> [DATA EXCERPT]:
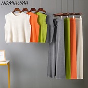 Nomikuma 2 枚衣装カジュアルノースリーブ O ネックプルオーバートップス + ウエストワイドレッグロングパンツセット Oネック ワイドパンツ
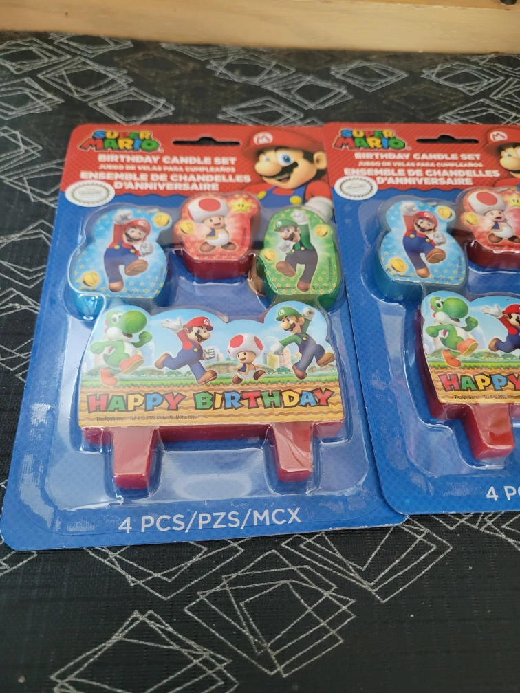 A set of Super Mario birthday candles featuring Mario Luigi Toad and Yoshi
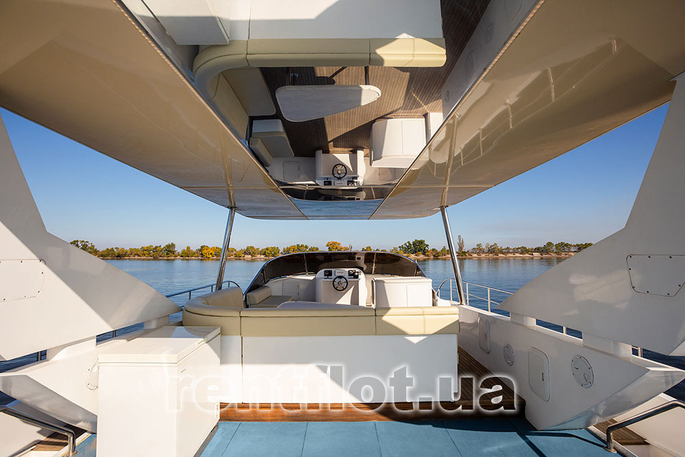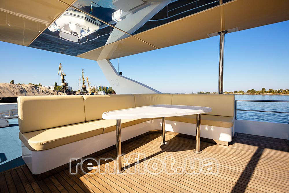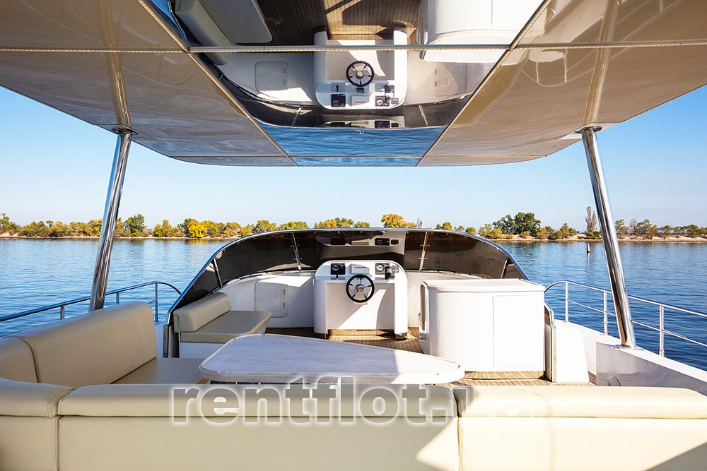 - полуоткрытый флайбридж со столом и диванами

> [PROBLEM REQUIREMENTS]:
Everything in the listing except the pictures must come back exactly as written.

> [YOUR SOLUTION]:
 Nomikuma 2 枚衣装カジュアルノースリーブ O ネックプルオーバートップス + ウエストワイドレッグロングパンツセット Oネック ワイドパンツ
 A set of Super Mario birthday candles featuring Mario Luigi Toad and Yoshi
 - полуоткрытый флайбридж со столом и диванами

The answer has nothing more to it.